Working with Attachments

The PDF File Specification

See package:org.apache.pdfbox.pdmodel.common.filespecification
See example:EmbeddedFiles

A PDF can contain references to external files via the file system or a URL to a remote location. It is also possible to embed a binary file into a PDF document.

There are two classes that can be used when referencing a file. PDSimpleFileSpecification is a simple string reference to a file(e.g. "./movies/BigMovie.avi"). The simple file specification does not allow for any parameters to be set.

The PDComplexFileSpecification is more feature rich and allows for advanced settings on the file reference.

It is also possible to embed a file directly into a PDF. Instead of setting the file attribute of the PDComplexFileSpecification, the EmbeddedFile attribute can be used instead.

Adding a File Attachment

PDF documents can contain file attachments that are accessed from the Document->File Attachments menu. PDFBox allows attachments to be added to and extracted from PDF documents. Attachments are part of the named tree that is attached to the document catalog.

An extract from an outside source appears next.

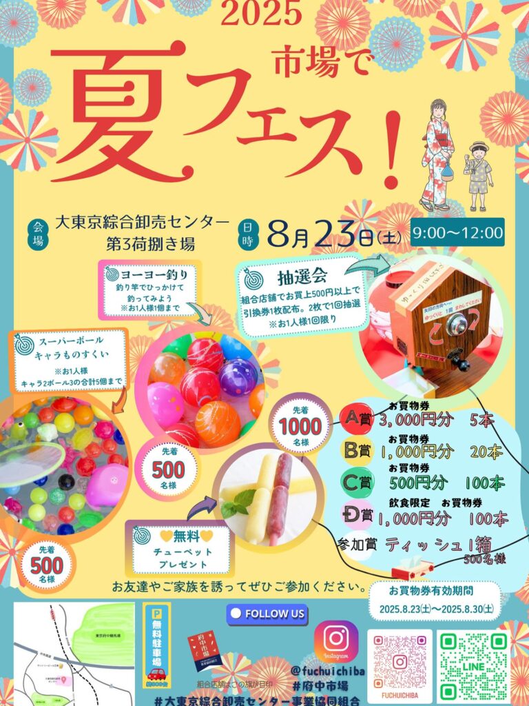 夏の太陽がまぶしい季節、府中市場に熱いイベントがやってきます!いつものお買い物がもっと楽しくなる、大人も子どもも楽しめる「市場で夏フェス!」が開催されます。お買い物券が当たる抽選会や、お子さんに嬉しい無料のゲームなど、魅力が盛りだくさん。この夏は、市場でお得に、そして賑やかに過ごしませんか?

PDEmbeddedFilesNameTreeNode efTree = new PDEmbeddedFilesNameTreeNode();

//first create the file specification, which holds the embedded file
PDComplexFileSpecification fs = new PDComplexFileSpecification();
fs.setFile( "Test.txt" );
InputStream is = ...;
PDEmbeddedFile ef = new PDEmbeddedFile(doc, is );
//set some of the attributes of the embedded file
ef.setSubtype( "test/plain" );
ef.setSize( data.length );
ef.setCreationDate( new GregorianCalendar() );
fs.setEmbeddedFile( ef );

//now add the entry to the embedded file tree and set in the document.
Map efMap = new HashMap();
efMap.put( "My first attachment", fs );
efTree.setNames( efMap );
//attachments are stored as part of the "names" dictionary in the document catalog
PDDocumentNameDictionary names = new PDDocumentNameDictionary( doc.getDocumentCatalog() );
names.setEmbeddedFiles( efTree );
doc.getDocumentCatalog().setNames( names );